- Born: 1932 (age 93–94) Al-Imran, Al-Ahsa, Saudi Arabia
- Education: Quranic school in Al-Ahsa * Najaf (religious sciences);
- Occupations: Poet, writer, thinker
- Writing career
- Period: 20th–21st century
- Genres: Poetry, essays
- Notable works: No Water in the Water * Olympic Rings;

= Muhammad al Ali =

Saudi poet

Muhammad Al-Ali (محمد العلي) is a Saudi poet and thinker. He is considered one of the pioneers of modernity writers and poets in the Kingdom of Saudi Arabia. He was born in Al-Imran in Al-Ahsa in 1932 AD. He wrote a corner (water words) in Al-Youm newspaper, and published many books, most notably the Diwan (No Water in Water), And a book (Olympic Circles: Essays on Enlightenment and Modernity Issues).

== Childhood and education ==
Al-Ali was born and raised in Al-Ahsa under the patronage of his father, where he learned the principles of reading and writing. He memorized the Quran in a Quranic school in his hometown. Later on, Al-Ali moved with his father to Najaf in Iraq to receive religious sciences. He obtained a bachelor's degree in 1926, then returned to Al-Ahsa in 1964.

== His work ==
He worked as a teacher at Dammam High School in 1965 for three years, then moved to work in the Department of Education and continued in the field of education for nineteen years. He worked as editor-in-chief of Al-Yaum newspaper for two years.
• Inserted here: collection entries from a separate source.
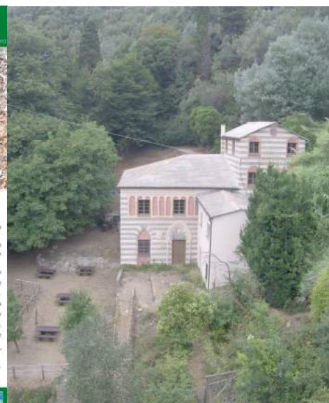
Parco Regionale Portofino
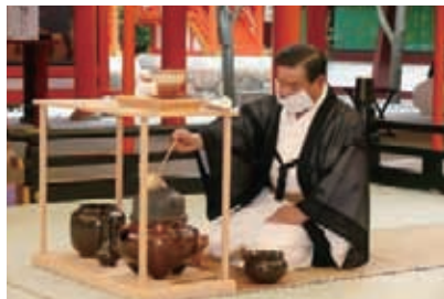
生田神社献茶式にて
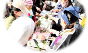
採取した春の七草を子どもたちが刻む
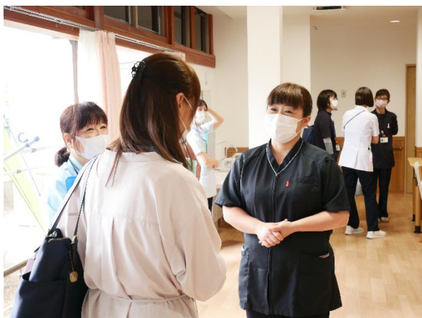
ケアマネに何でもご相談ください。
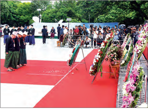
နှစ်(၇၀)ပြည့် အာဇာနည်နေ့အခမ်းအနားတွင် နိုင်ငံရေးပါတီများ အာဇာနည်ခေါင်းဆောင်ကြီးများ၏ ဂူပိမာန်၌ လွှမ်းသူပန်းခွေချ အလေးပြုစဉ် (သတင်းစဉ်)
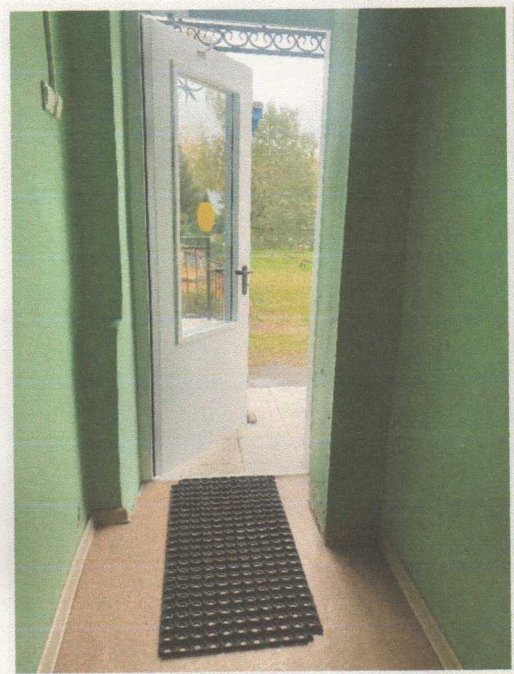
Фото 9. Тамбур
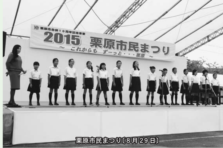
栗原市民まつり(8月29日)

He worked as an educational supervisor at the Royal Commission for Jubail in 1986 and continued in this work until 1993.

== Publications ==

- Water Words (original title: Kalimat Ma'eya كلمات مائية) A book including Al-Ali's press articles, prepared and collected by Muhammad Abdelwahab al-Shaqaq and Hamza Husain al-Hamoud, Published by Alintishar Alarabi Foundation in 2008.
- No water in the Water (original title: La maa' fi al-Maa' لا ماء في الماء) A collection of poems. Issued by Nadi al-Mantiqa al-Sharqiyah al-Adabi in 2009.
- Concerns of Light (original title: Humum al-Dawo' هموم الضوء) A collection of Al-Ali's articles published between 1978 and 2000 in Al-Yaum newspaper. Issued by Dar Tawa in 2011. Collected and prepared by Ahmed Al-Ali.
- Lesson of the Beach (original title: Dars al-Bahrدرس البحر) A book issued by Dar Tawa in 2012.
- The Growth of Concepts: Questions and Opinions on Existence and Values (original title: نمو المفاهيم: تساؤلات وآراء في الوجود والقيم) A book of several critical and intellectual lectures written by Al-Ali during his literary career spanning more than forty years. Published by the Riyadh Literary Club in cooperation with the Arab Cultural Club in 2013.
- The Impossible Well: Attempts to Transcend the Prevalent in Culture and Society (original title: البئر المستحيلة: محاولات لتجاوز السائد في الثقافة والمجتمع) A book of intellectual articles written during Al-Ali's literary career in some local and Arab newspapers. Published by the Riyadh Literary Club in cooperation with the Arab Cultural Center in 2013.
- Olympic Rings: Articles on Enlightenment and Modernity Issues (original title: حلقات أولمبيّة: مقالات في قضايا التنوير والحداثة) A book published by Tabuk Literary Club in cooperation with Dar Madarek in 2013.
- No one is at Home (original title: La Ahad fi al-Bayt لا أحد في البيت) A book prepared and edited by Ahmad Al-Ali and issued by Dar Masaa in 2015.

== Lectures ==
"Alienation, its concept and its contemporary manifestations" A lecture by Al-Ali given at the Society of Culture and Arts in Dammam in 2019.

== Honoring ==
In 2015, he was honored by giving his name to the first session of the Poetry Festival, which was launched by the House of Poetry of the Society for Culture and Arts in Dammam. On the occasion of his honor, a book was published entitled "The Blue That Taught Us Songs تلك الزرقة التي علمتنا الأناشيد" which included testimonies presented by friends and writers of the poet during his journey.

== Quotes ==
"I would like be known for striving to change social thought, and that is enough.